こんばんは。 僧侶のかっけいです。
今日法事にお参りに行きますと、雑談の中でお勤めについて質問されました。
「真言のお坊さんとはお勤めがぜんぜん違うな~」と言われました。
「真宗の法事は長いですね~」とも言われました。
その中で読経の経本が違っている理由、真宗でも般若心経をお勤めするのかなどなど僧侶からすれば、常識的なことでも一般の人にとっては、知らないことだらけと言うことに気が付きました。

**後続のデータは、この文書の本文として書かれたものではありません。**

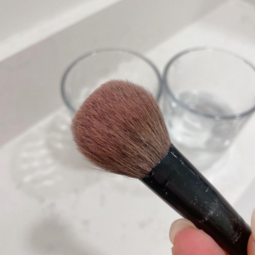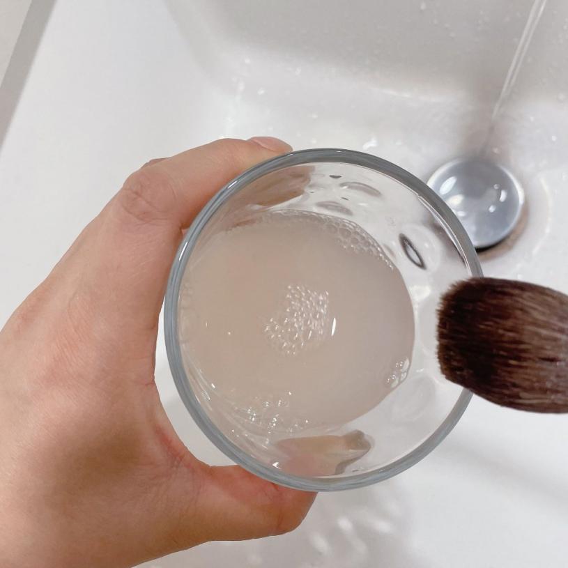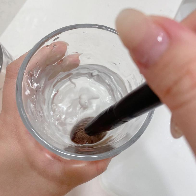 3. 将刷毛放入装有洗头水的杯子中,顺时针轻轻打圈,直到刷毛上的污垢被清除;
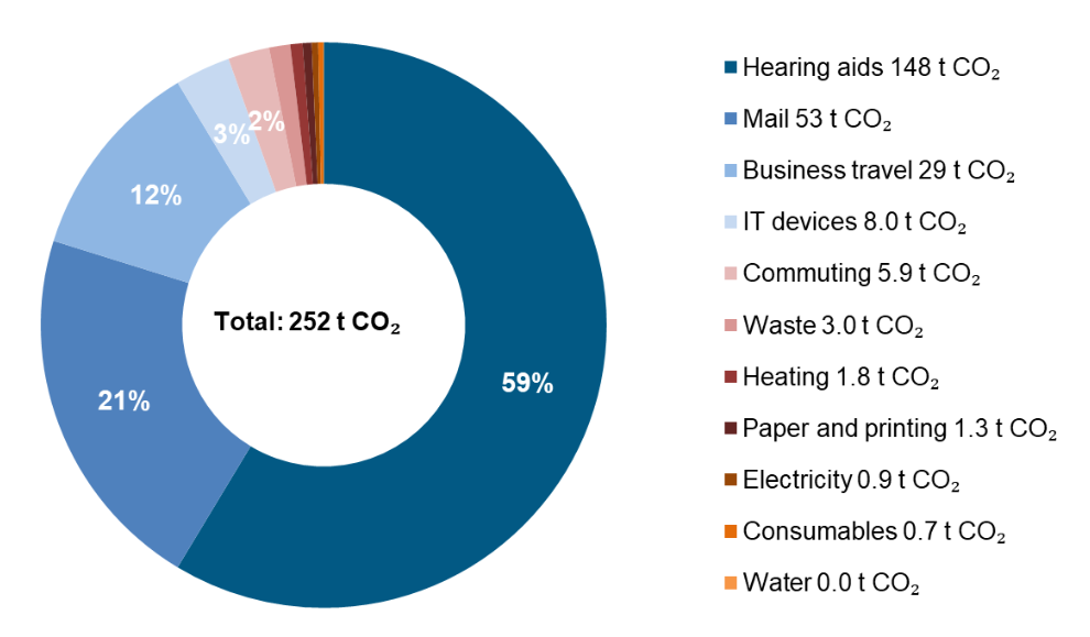 For the 2023/24 footprint year (October 2023 - September 2024), the emissions reported amount to 252 t CO₂1 . The largest sources of emissions are purchased hearing aids, the shipping of hearing aids and business travel/journeys. Together, these account for around 92 % of the CO2 emissions.

今回は、宗派によってお勤めする際のお経本がなぜ違っているのか説明します。
まずは前置きからです。
お経本とはいつごろから存在しているのか。
お経本とはお釈迦様が生きていた時代にはなかった。
意外と思われるかもしれませんがお釈迦様が存命の時にはお経本は無かったんですね。
でも考えてみますと、キリスト教やユダヤ教の新(旧)約聖書も宗教として成立したときからあるのではなく、徐々に書き足されてきているのですね。
仏教経典とよく似た成立をしているのはイスラム教のコーランだと思います。
コーランは唯一神のアッラーから最後の預言者とされたムハンマドが、神様からの教えを信徒たちに伝えていたのですね。そしてそれは口伝で広まっていったとされています。
話を戻しますと、そもそもお経本とはお釈迦様がお話になられたことをまとめたものです。
そしてお釈迦様が存命中には文字化・書物化されていませんでした。
今の時代感覚では不思議に思えるかもしれませんが、昔は尊い人のお話というのは書いて覚えるのではなく、聴いて覚えていくものでした。文字にするのは失礼だという感覚だったのかもしれません。
これは印刷技術が発達する時代になるまで中国でも日本でも考え方が繋がってきています。
例えば、インド(天竺)から多くの仏教経典を書き写し持ち帰った方に玄奘三蔵法師がいますね。
この玄奘というお坊さんはインドに行ったからたくさんの経典を持って帰れたわけではなく、非常に優れたお坊さんであったからですね。当時のインドで有名な高僧である戒賢に認められ、またインド各地の仏跡を尋ね、ヴァルダナ朝の王ハルシャ・ヴァルダナにも講義ができるほどの人物だったのです。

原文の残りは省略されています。